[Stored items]

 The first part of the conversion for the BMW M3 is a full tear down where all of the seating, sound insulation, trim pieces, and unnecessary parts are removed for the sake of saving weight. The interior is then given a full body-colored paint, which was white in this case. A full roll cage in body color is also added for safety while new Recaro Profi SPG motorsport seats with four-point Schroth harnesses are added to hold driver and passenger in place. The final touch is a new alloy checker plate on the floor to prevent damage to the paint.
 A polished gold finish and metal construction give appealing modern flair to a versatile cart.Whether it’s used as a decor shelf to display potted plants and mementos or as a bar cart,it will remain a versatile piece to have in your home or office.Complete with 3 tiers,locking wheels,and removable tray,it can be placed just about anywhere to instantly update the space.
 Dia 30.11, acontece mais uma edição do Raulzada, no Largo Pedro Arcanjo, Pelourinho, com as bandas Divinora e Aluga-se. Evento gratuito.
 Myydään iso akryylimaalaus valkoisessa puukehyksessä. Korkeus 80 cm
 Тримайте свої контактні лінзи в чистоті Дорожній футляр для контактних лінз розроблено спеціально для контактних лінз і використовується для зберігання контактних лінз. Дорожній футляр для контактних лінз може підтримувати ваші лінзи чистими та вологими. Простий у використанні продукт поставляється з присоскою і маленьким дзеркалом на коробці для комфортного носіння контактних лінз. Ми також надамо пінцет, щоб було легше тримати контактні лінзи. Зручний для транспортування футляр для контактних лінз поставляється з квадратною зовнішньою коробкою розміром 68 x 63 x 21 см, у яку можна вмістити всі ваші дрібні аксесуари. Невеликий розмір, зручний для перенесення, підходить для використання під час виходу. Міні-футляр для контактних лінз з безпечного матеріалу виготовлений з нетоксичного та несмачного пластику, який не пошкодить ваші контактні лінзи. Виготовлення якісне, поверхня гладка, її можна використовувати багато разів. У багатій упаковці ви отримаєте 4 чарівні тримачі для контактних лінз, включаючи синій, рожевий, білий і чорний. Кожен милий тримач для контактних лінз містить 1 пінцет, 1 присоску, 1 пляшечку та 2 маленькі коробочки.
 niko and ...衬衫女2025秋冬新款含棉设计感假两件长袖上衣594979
---
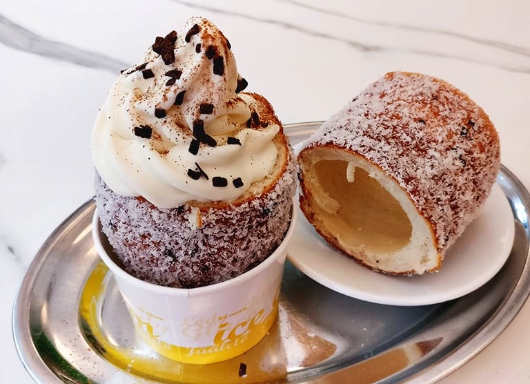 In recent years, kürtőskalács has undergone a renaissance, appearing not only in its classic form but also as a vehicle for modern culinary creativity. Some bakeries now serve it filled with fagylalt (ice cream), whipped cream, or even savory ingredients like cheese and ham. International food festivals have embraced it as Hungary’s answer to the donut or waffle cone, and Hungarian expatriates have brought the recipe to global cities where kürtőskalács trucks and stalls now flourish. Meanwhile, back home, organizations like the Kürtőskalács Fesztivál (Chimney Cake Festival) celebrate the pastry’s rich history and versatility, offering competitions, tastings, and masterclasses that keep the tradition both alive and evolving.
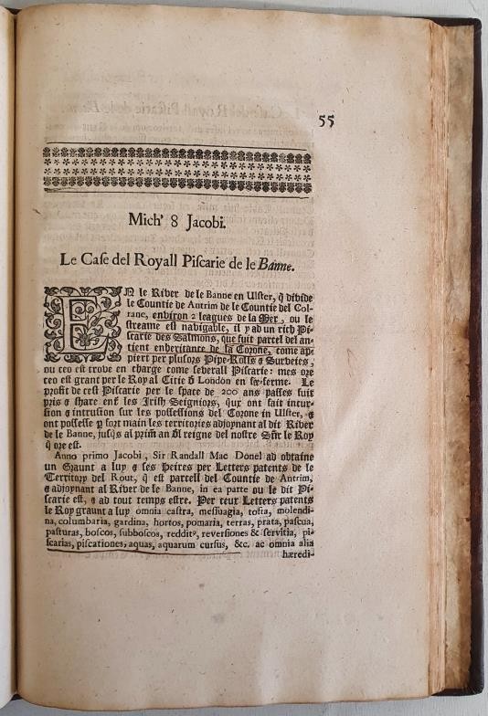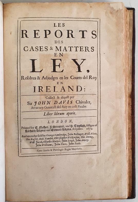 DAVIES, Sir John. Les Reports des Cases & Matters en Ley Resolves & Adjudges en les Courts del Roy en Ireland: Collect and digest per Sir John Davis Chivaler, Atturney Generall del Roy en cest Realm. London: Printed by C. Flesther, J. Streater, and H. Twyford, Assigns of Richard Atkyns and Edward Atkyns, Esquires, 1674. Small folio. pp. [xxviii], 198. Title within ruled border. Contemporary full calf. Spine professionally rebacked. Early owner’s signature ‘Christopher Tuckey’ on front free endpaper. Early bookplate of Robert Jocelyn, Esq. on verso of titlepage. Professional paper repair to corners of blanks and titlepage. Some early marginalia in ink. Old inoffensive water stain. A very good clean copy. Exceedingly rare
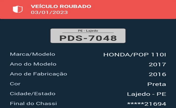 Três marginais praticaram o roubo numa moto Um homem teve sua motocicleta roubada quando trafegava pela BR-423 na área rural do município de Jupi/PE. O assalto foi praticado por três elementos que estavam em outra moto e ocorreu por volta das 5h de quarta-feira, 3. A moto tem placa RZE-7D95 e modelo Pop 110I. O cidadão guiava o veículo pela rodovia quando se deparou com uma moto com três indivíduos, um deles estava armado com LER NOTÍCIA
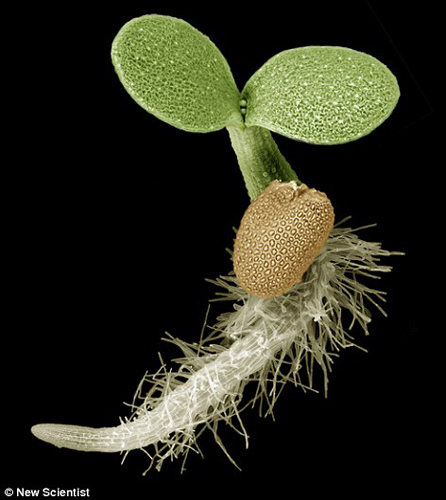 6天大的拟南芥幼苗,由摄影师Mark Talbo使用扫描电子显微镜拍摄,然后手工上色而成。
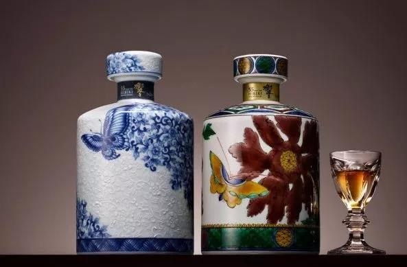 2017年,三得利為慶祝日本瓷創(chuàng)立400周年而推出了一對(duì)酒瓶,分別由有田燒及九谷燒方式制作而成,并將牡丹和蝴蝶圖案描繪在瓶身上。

■ **YOUR INSTRUCTIONS**
The lines above from the line with "6天大的拟南芥幼苗,由摄影师" through the line with "2017年,三得利為慶祝日本" are to be given again word for word, with no pictures among them.

■ **RESPONSE TO THE TASK**
 6天大的拟南芥幼苗,由摄影师Mark Talbo使用扫描电子显微镜拍摄,然后手工上色而成。
 2017年,三得利為慶祝日本瓷創(chuàng)立400周年而推出了一對(duì)酒瓶,分別由有田燒及九谷燒方式制作而成,并將牡丹和蝴蝶圖案描繪在瓶身上。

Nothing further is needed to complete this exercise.